Ethics and Data Governance¶
Inputs are aggregated satellite imagery and gridded population surfaces that do not identify individuals, but outputs can still be sensitive if interpreted as performance or deprivation measures; results should be communicated cautiously without normative labeling of regions. If OpenStreetMap-derived roads are incorporated later, attribution and ODbL compliance should be explicitly acknowledged.
Future Work¶
Future research will incorporate exogenous road-density measures to better isolate infrastructure effects from typology-based spatial proxies. We also plan to address potential nonlinear dynamics in extreme urban cores through spline terms or quantile regression, as residual diagnostics suggest possible nonlinearity at high brightness levels. Future versions will also either harmonize tile resolution across countries or formally test elasticity stability under alternative spatial resolutions. Finally, extending the analysis across 2014–2023 will allow evaluation of whether population–light elasticities are stable over time or evolving alongside infrastructure expansion.
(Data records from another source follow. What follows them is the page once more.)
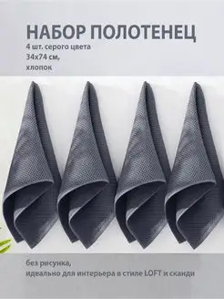 Набор полотенец вафельных кухонных 4шт 34×74 для рук хлопок
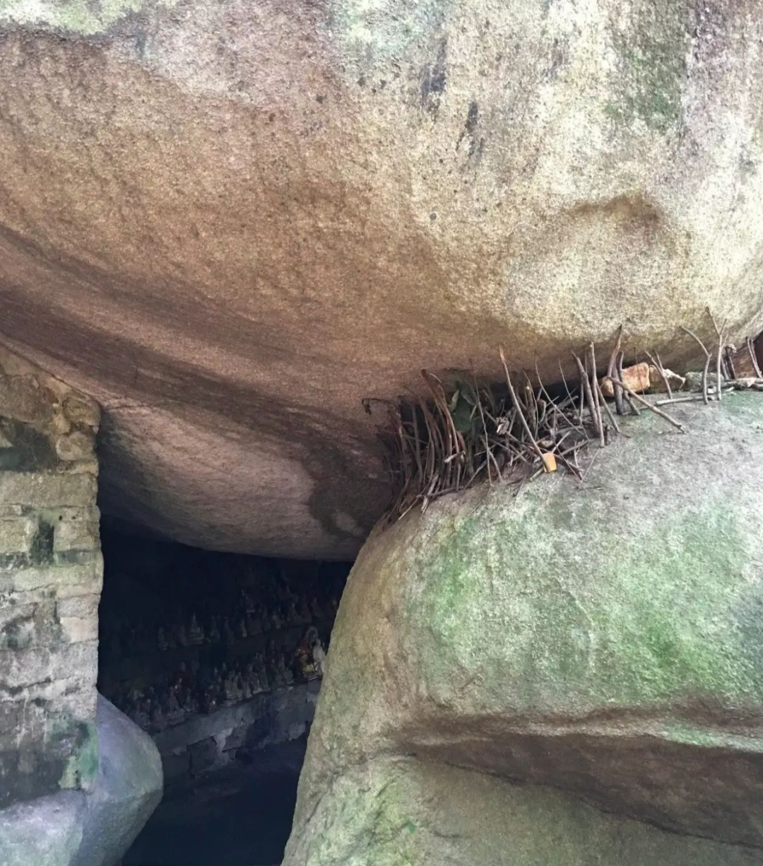 朋友为了避免腰酸,每次徒步路过看到这种岩石缝隙也都会撑一根棍。
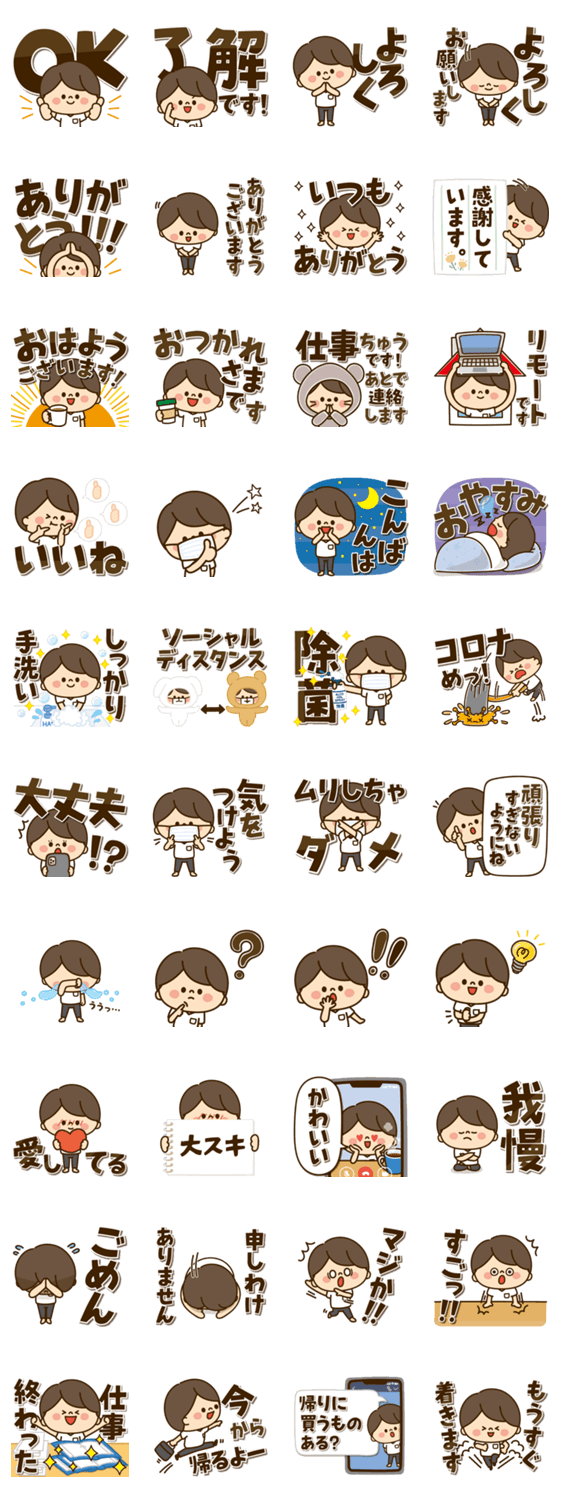 かわ主婦【新しい生活様式編】の男性バージョン! 家族間での連絡に便利なスタンプなので奥様、彼女さん、パートナーとの会話にお使いください!(旦那、夫、パパ、彼氏)
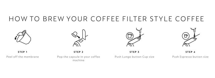 Phương pháp pha Filter Style trên máy Nespresso: Bóc lớp màng nhôm, đặt viên nén vào máy, nhấn nút Lungo, sau đó nhấn nút Espresso.
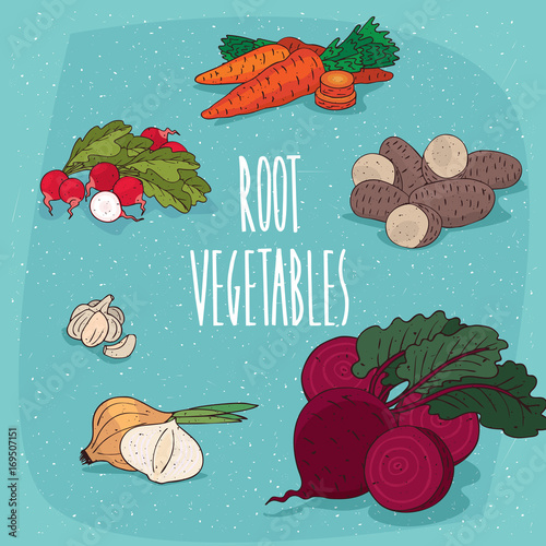 Image Of Set Of Isolated Food Products Edible Plant Roots Such As
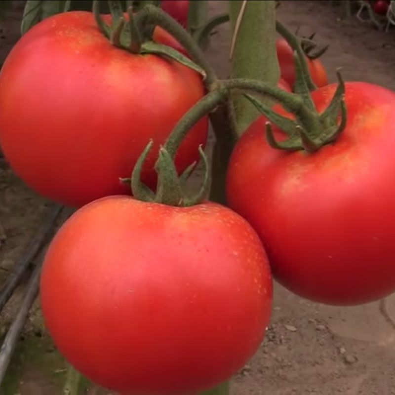 Формирует очень красивые томаты, с блестящей кожицей, ярко-красной окраски. Имеют плоскоокруглую форму, мякоть плотная и вкусная.

References and AI acknowledgment¶
GitHub repository: "namibarsbold/STATS201-Course-project" (folders include data, figures, scripts; notebooks, docs, README).
Datasets and tools:
- VIIRS nighttime lights annual composites (EOG "Annual VNL V1"; annual composites use "vcm" and screen ephemeral lights/background; documentation and processing notes).
- WorldPop population surfaces (methods and RF/dasymetric redistribution documentation; note that WorldPop products are model-based gridded estimates).
- Spatial cross-validation guidance for autocorrelated data (blocked CV recommended when dependence exists).
- Breusch–Pagan heteroskedasticity test implementation documentation (statsmodels het_breuschpagan) and robust covariance (get_robustcov_results).
- Metric definitions used in reporting (scikit-learn regression metrics for R² and MSE/RMSE).
References:
Dinkelman, T. (2011). The effects of rural electrification on employment: New evidence from South Africa. American Economic Review, 101(7), 3078–3108. https://doi.org/10.1257/aer.101.7.3078
Henderson, J. V., Storeygard, A., & Weil, D. N. (2012). Measuring economic growth from outer space. American Economic Review, 102(2), 994–1028. https://doi.org/10.1257/aer.102.2.994
Lessmann, C., & Seidel, A. (2017). Regional inequality, convergence, and its determinants – A view from outer space. European Economic Review, 92, 110–132. https://doi.org/10.1016/j.euroecorev.2016.11.009
Lipscomb, M., Mobarak, A. M., & Barham, T. (2013). Development effects of electrification: Evidence from the topographic placement of hydropower plants in Brazil. American Economic Journal: Applied Economics, 5(2), 200–231. https://doi.org/10.1257/app.5.2.200
Falchetta, G., Pachauri, S., Byers, E., Danylo, O., & Parkinson, S. C. (2020). Satellite observations reveal inequalities in the progress and effectiveness of recent electrification in Sub-Saharan Africa. One Earth, 2(4), 364–379. https://doi.org/10.1016/j.oneear.2020.03.007
AI Acknowledgment: Regressions were brainstormed and edited with assistance from ChatGPT for correctness. Project infrastructure (repository structure, GitHub Pages setup, and reproducibility documentation) was designed with assistance from Claude (Anthropic).